The March 741 is a Formula One car, designed, developed and built by March Engineering for the 1974 season, powered by a 3.0 L Cosworth DFV engine. Although more successful than its predecessor, the March 731, it failed to finish any higher than fourth place.

== Development ==
Following the dismal performance of the previous season's 731, designer Robin Herd based the 741 on the monocoque and suspension of the 732, March's successful Formula Two car. He moved the radiators to the side and the oil cooler to the rear.

== Racing history ==
March started the season with drivers Hans-Joachim Stuck and Howden Ganley. Ganley was replaced after two races by Vittorio Brambilla, who brought in sponsorship from Beta Utensili.
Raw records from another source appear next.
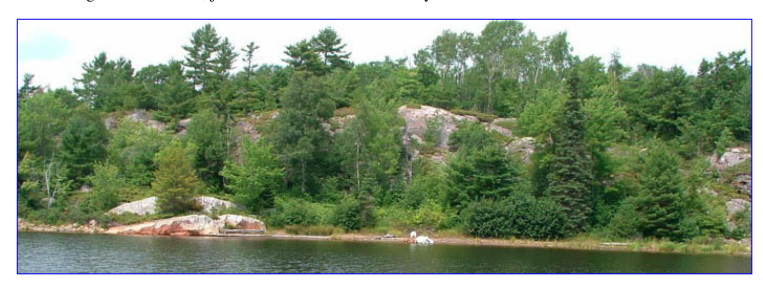
Sandy beach at Bear's Bottom Bay.

The cove gradually shallows from 13-14' at the entrance to 5-6' in the northwest corner. Anchor in 8-10' in the middle of the cove. There's room for 2 or 3 boats to swing. Note that there are some rocks along the south shore, just off the reeds. Bottom is clay.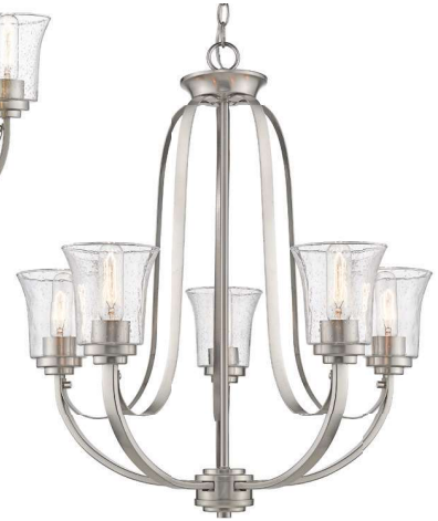
| B |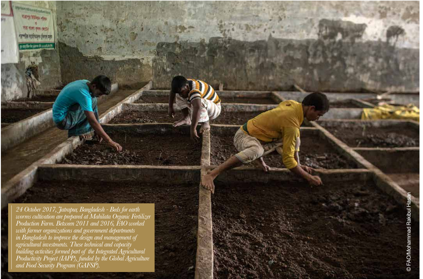
24 October 2017, Jatroapur, Bangladesh - Beds for earth worms cultivation are prepared at Mahilata Organic Fertilizer Production Farm. Between 2011 and 2016, FAO worked with farmer organizations and government departments in Bangladesh to improve the design and management of agricultural investments. These technical and capacity building activities formed part of the Integrated Agricultural Productivity Project (IAPP), funded by the Global Agriculture and Food Security Program (GAFSP).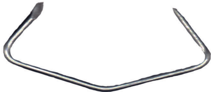
HG-4 or HC-4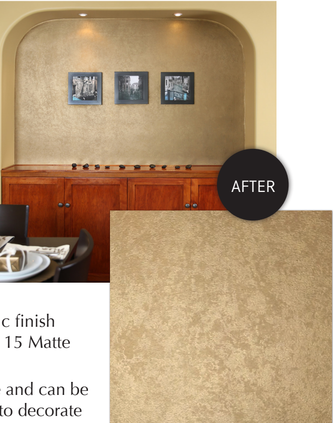
It's easy to create a shimmering tone-on-tone metallic finish using the same color in 2 different sheens. There are 15 Matte Metallic Paint Colors to choose from.

Modern Masters Metallic paint is extremely versatile and can be applied using several different tools and techniques to decorate almost anything. You are only limited by your imagination!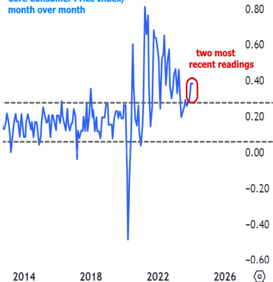
Core Consumer Price Index, month over month

The news wasn't quite as bad from the week's other key inflation report, but it certainly didn't help. The Producer Price Index (PPI), which measures wholesale inflation, has also now seen the highest two consecutive months since inflation first began to calm down in 2022.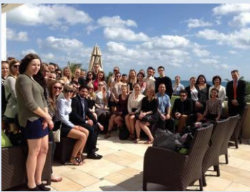
Denmark University Student Tour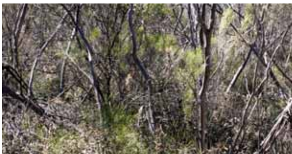
Typical Western Whipbird habitat

A regional Recovery Plan is in place for a group of mallee birds, including the Western Whipbird. Surveys will help to establish its distribution and better define its habitat requirements. Its needs will then be incorporated into Park and Fire Management Plans, with important areas being protected from threats.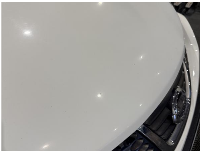
1: Bonnet Chipped 1 To 5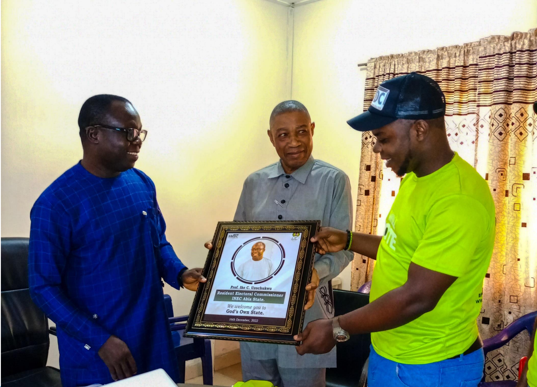
Welcoming the new REC, INEC, Abia State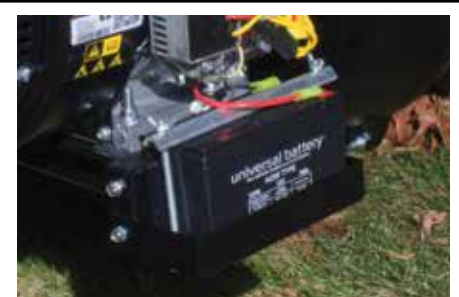
Universal Battery Box Kit A2326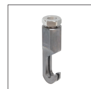
Hook 2 teeth Ref. 059382 HOOK 3 TEETH Ref. 059658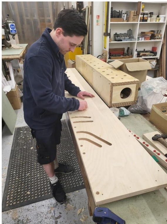
Construction of pedal chests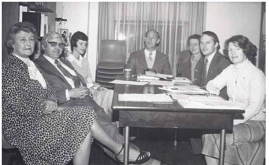
First meeting of Right to Life Federation of Australia. Unity is hard!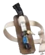
3M™ Heating Vortex Assembly V-200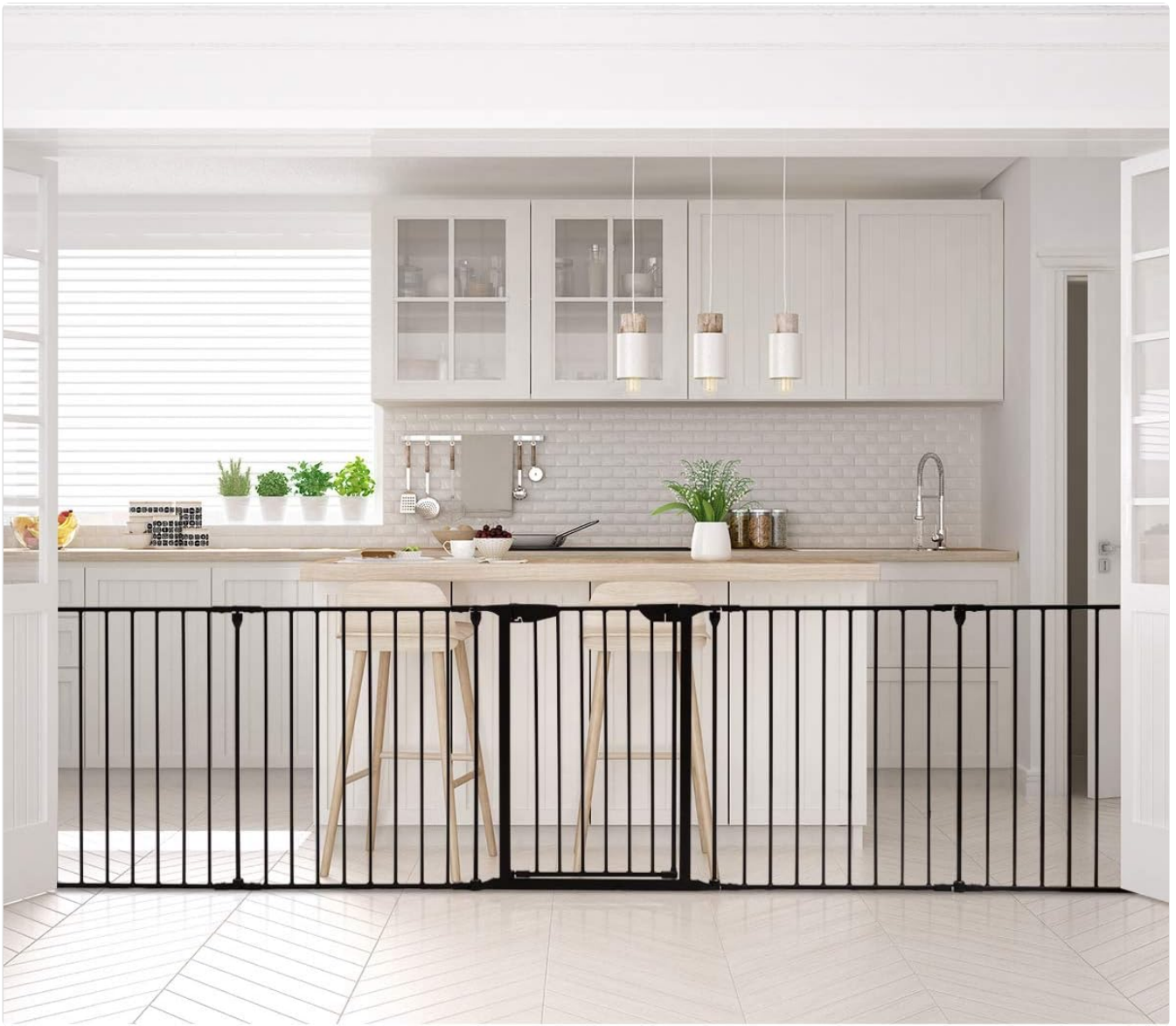
Image: The Costzon 6-Panel Baby Safety Gate configured to block a wide kitchen entrance, demonstrating its extra-wide capability.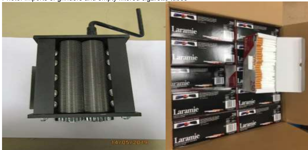
Photo: Imports of grinders and empty filtered cigarette tubes

Customs is also seeing legal imports of grinders, liquids and empty filtered cigarette tubes which are likely used to turn the leaf into smokable tobacco and cigarettes.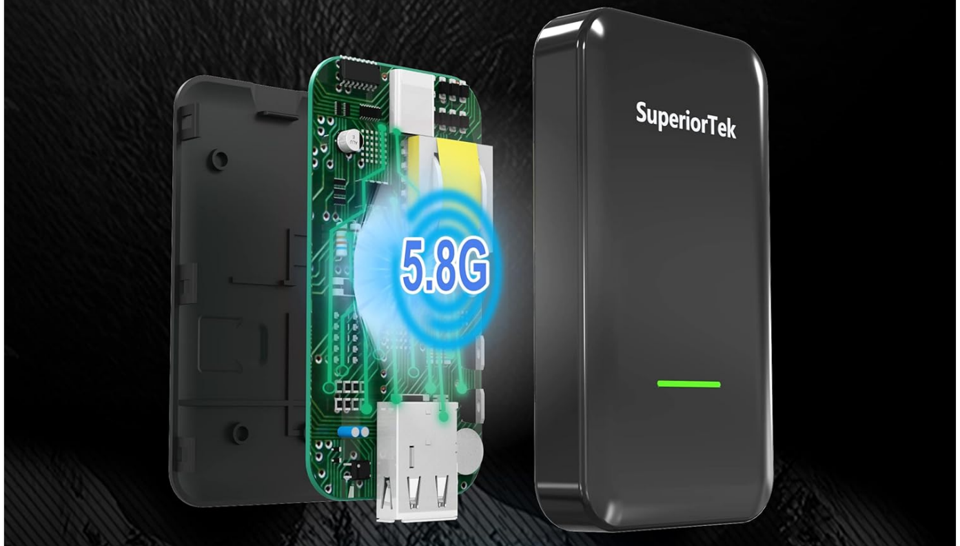
Image: An exploded view of the adapter showing its internal components, emphasizing the 5.8GHz certification module and power management chip.

Equipped with an advanced Smart IC Chip and Next Generation Signal Filter Technology, the adapter ensures a stable and continuous connection. This technology enhances Wi-Fi signals, leading to clear audio and video, minimal lag, and responsive GPS navigation, comparable to a wired connection.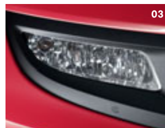
03 Front fog lights with static cornering function.

The exterior styling of a car is not only an expression of its personality, but makes a powerful statement about your own individuality and taste. These factory-fitted options provide an easy and effective way to create a striking visual appearance with great aesthetic appeal, whilst enjoying some important practical benefits. From special paint to front fog lights, choose the options best suited to your needs and enhance not only your Polo's exterior looks, but your driving experience too.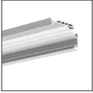
KOPRO-30 Profile Ref: B7890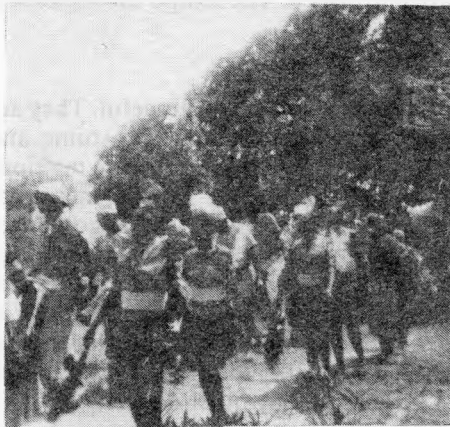
III. 5 Digo mzungano dance, entrance

The characteristic Digo movement is shoulder-shaking, especially by the women. This, although quick, has a light, sensitive quality unlike the more common, vigorous shoulder-shaking of other Kenyan dances, such as those of the Kamba. One shoulder moves forward as the other moves backward in quite quick succession. This is enhanced by small shoulder capes edged with beaded fringes, worn by the women over ordinary knee-length dresses or floor-length wrappers (see Illustration Nos. 4 & 5). The men wear wrappers and tunic shirts of the same cloth as the women, with large feathers attached to their backs diagonally across one shoulder (see Illustration No. 6) again emphasising and enlarging the effect of the shoulder-shaking. Rattles and bells are also worn on ankles or knees by some. The women make themselves even more attractive by wearing plenty of jewellery and ornaments. The dancers tend to be drawn from the older generation and there are approximately equal numbers of men and women. Groups usually have between twelve and twenty dancers.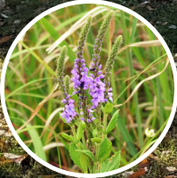
Verbena hastata (Blue vervain)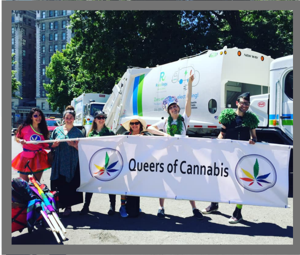
Seattle Pride Parade, 2019

At first, we were known as The Queers of Cannabis.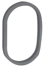
H.200 X L.125 mm. Art. 02.044 \approx 12 X 6 H.160 X L.100 mm. Art. 02.045 \approx 16 X 8 Art. 02.045.01 \approx 12 X 6 Art. 02.045.02 \approx 14 X 6 H.140 X L.100 mm. Art. 02.046 \approx 16 X 8 H.190 X L.130 mm. Art. 02.047 \approx 20 X 4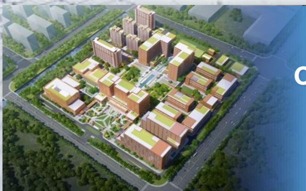
Shanghai Institute of Organic Chemistry, CAS

Cooperated by LINGANG Group and Huashan Hospital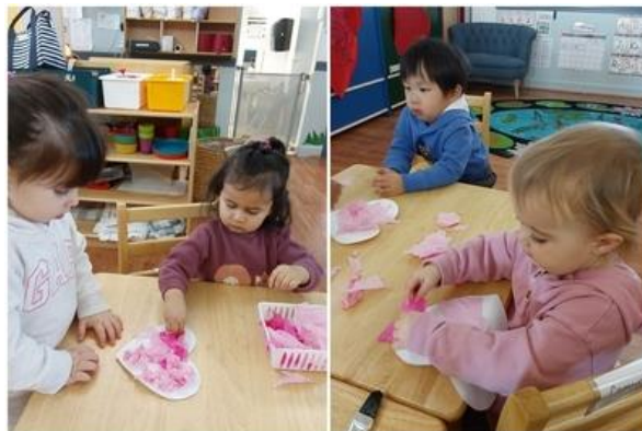
Sticky Color Sort: Friends pasted pink tissue paper to make beautiful hearts.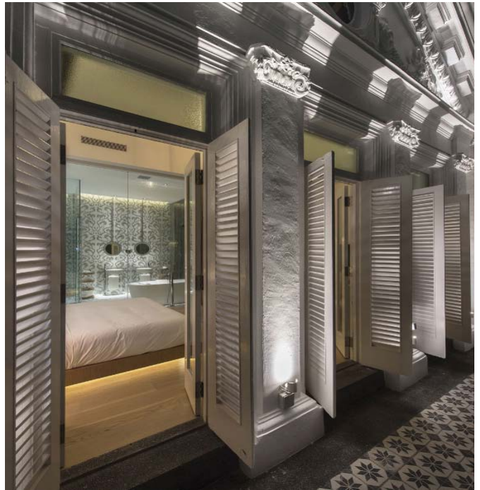
Many of the building's heritage aspects and original elements were preserved.

Stuck was initially impressive; although he retired in Argentina and Brazil, he then finished fifth and fourth in South Africa and Spain. However these were his best results, and he only finished two more races, retiring from others and not qualifying in France and the United States. Brambilla was less successful; as fast as Stuck in qualifying, he finished in the points only once, although he completed more races than his team-mate. March ended the season in ninth place in the constructors' championship.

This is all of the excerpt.